Simply put, a sandbox in BLIS provides an alternative implementation to the
function bli_gemmnat(), which is the object-based API call for computing
the gemm operation via native execution. (Native execution simply means that
an induced method will not be used. It's what you probably already think of
when you think of implementing the gemm operation: a series of loops around
an optimized (usually assembly-based) microkernel with some packing functions
thrown in at various levels.)
Why sandboxes? Sometimes you want to experiment with tweaks or changes to the gemm operation, but you want to do so in a simple environment rather than the highly macroized and refactored (and somewhat obfuscated) code of the core framework (which, I will remind everyone, is highly macroized and refactored mostly so that all floating-point datatypes and all level-3 operations are supported with minimal source code). By building a BLIS sandbox, you can experiment (within limits) and still benefit from BLIS's existing build system, testsuite, and toolbox of utility functions.
Enabling a sandbox
To enable a sandbox at configure-time, you simply specify it as an option to
configure. Either of the following usages are accepted:
$ ./configure --enable-sandbox=ref99 auto
$ ./configure -s ref99 auto
Here, we tell configure that we want to use the ref99 sandbox, which
corresponds to a sub-directory of sandbox named ref99. (Reminder: the
auto argument is simply the configuration target and thus unrelated to
sandboxes.) As configure runs, you should get output that includes lines
similar to:
configure: configuring for alternate gemm implementation:
configure: sandbox/ref99
And when you build BLIS, the last files to be compiled will be the source code in the specified sandbox:
Compiling obj/haswell/sandbox/ref99/blx_gemm_front.o ('haswell' CFLAGS for sandboxes)
Compiling obj/haswell/sandbox/ref99/blx_gemm_int.o ('haswell' CFLAGS for sandboxes)
Compiling obj/haswell/sandbox/ref99/base/blx_blksz.o ('haswell' CFLAGS for sandboxes)
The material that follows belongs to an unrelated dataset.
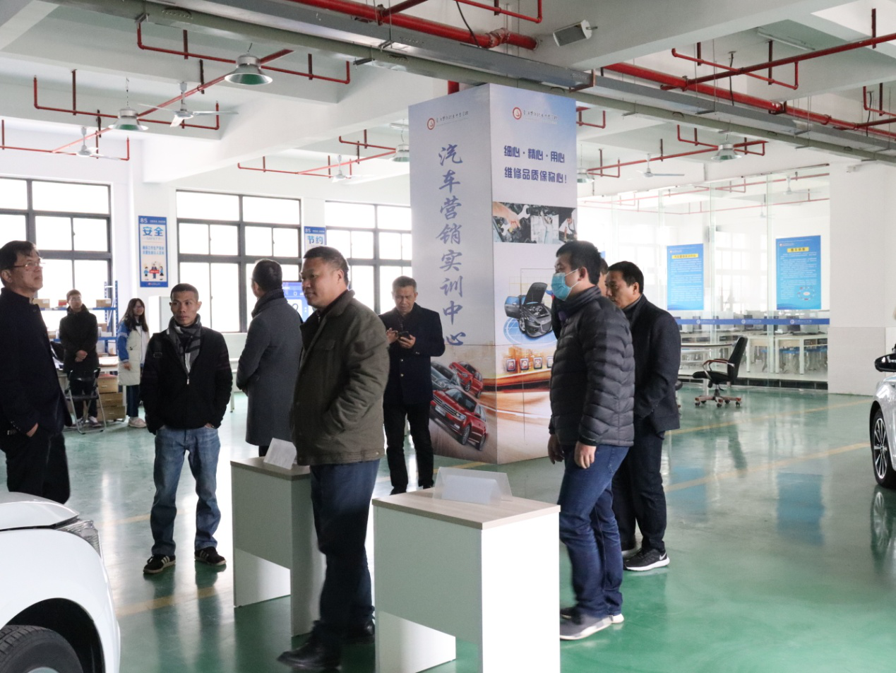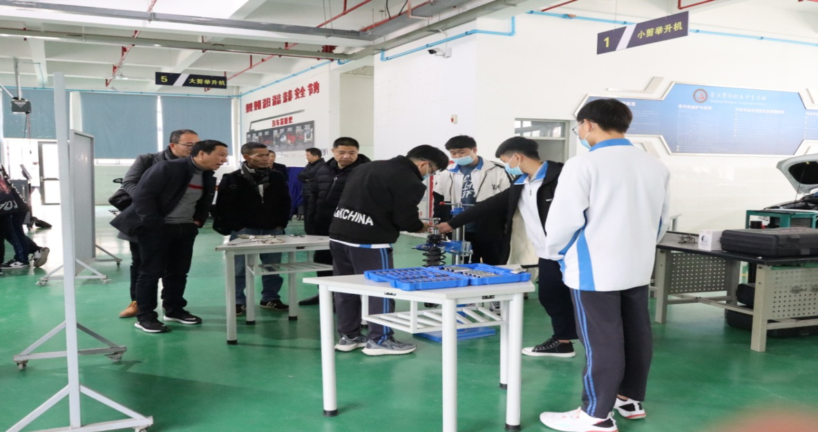 参观完鞋类展厅,我们来到了华侨职专办学最具特色的校企合作基地---汽车维修与营销中心,学生们一丝不苟、精益求精的态度阐释着“台上一分钟,台下十年功”这一名言。

Compiling obj/haswell/sandbox/ref99/cntl/blx_gemm_cntl.o ('haswell' CFLAGS for sandboxes)
...
That's it! After the BLIS library is built, it will contain your chosen
sandbox's implementation of bli_gemmnat() instead of the default
implementation.
Sandbox rules
Like any decent sandbox, there are rules for playing here. Please follow these guidelines for the best sandbox developer experience.
-
Don't bother worrying about makefiles. We've already taken care of the boring/annoying/headache-inducing build system stuff for you. :) By configuring BLIS with a sandbox enabled,
makewill scan your sandbox directory and compile all of its source code using similar compilation rules as were used for the rest of the framework. In addition, the compilation command line will automatically contain one-I<includepath>option for every subdirectory in your sandbox, so it doesn't matter where in your sandbox you place your header files. They will be found! -
Your sandbox must be written in C99 or C++11. If you write your sandbox in C++11, you must use one of the BLIS-approved file extensions for your source files (
.cc,.cpp,.cxx) and your header files (.hh,.hpp,.hxx). Note thatblis.halready contains all of its definitions inside of anextern "C"block, so you should be able to#include "blis.h"from your C++11 source code without any issues. -
All of your code to replace BLIS's default implementation of
bli_gemmnat()should reside in the named sandbox directory, or some directory therein. (Obviously.) For example, thisREADME.mdfile is located in theref99sandbox, located insandbox/ref99. All of the code associated with this sandbox will be contained withinsandbox/ref99. -
The only header file that is required of your sandbox is
bli_sandbox.h. It must be namedbli_sandbox.hbecauseblis.hwill#includethis file when the sandbox is enabled at configure-time. That said, you will probably want to keep the file empty. Why require a file that is supposed to be empty? Well, it doesn't have to be empty. Anything placed in this file will be folded into the flattened (monolithic)blis.hat compile-time. Therefore, you should only place things (e.g. prototypes or type definitions) inbli_sandbox.hif those things would be needed at compile-time by: (a) the BLIS framework itself, or (b) an application that calls your sandbox-enabled BLIS library. Usually, neither of these situations will require any of your local definitions since those definitions are only needed to define your sandbox implementation ofbli_gemmnat(), and this function is already prototyped by BLIS. -
Your definition of
bli_gemmnat()should be the only function you define in your sandbox that begins withbli_. If you define other functions that begin withbli_, you risk a namespace collision with existing framework functions. To guarantee safety, please prefix your locally-defined sandbox functions with another prefix. Here, in theref99sandbox, we use the prefixblx_. (Thexis for sandbox. Or experimental. Whatever, it doesn't matter.) Also, please avoid the prefixbla_since that prefix is also used in BLIS for BLAS compatibility functions.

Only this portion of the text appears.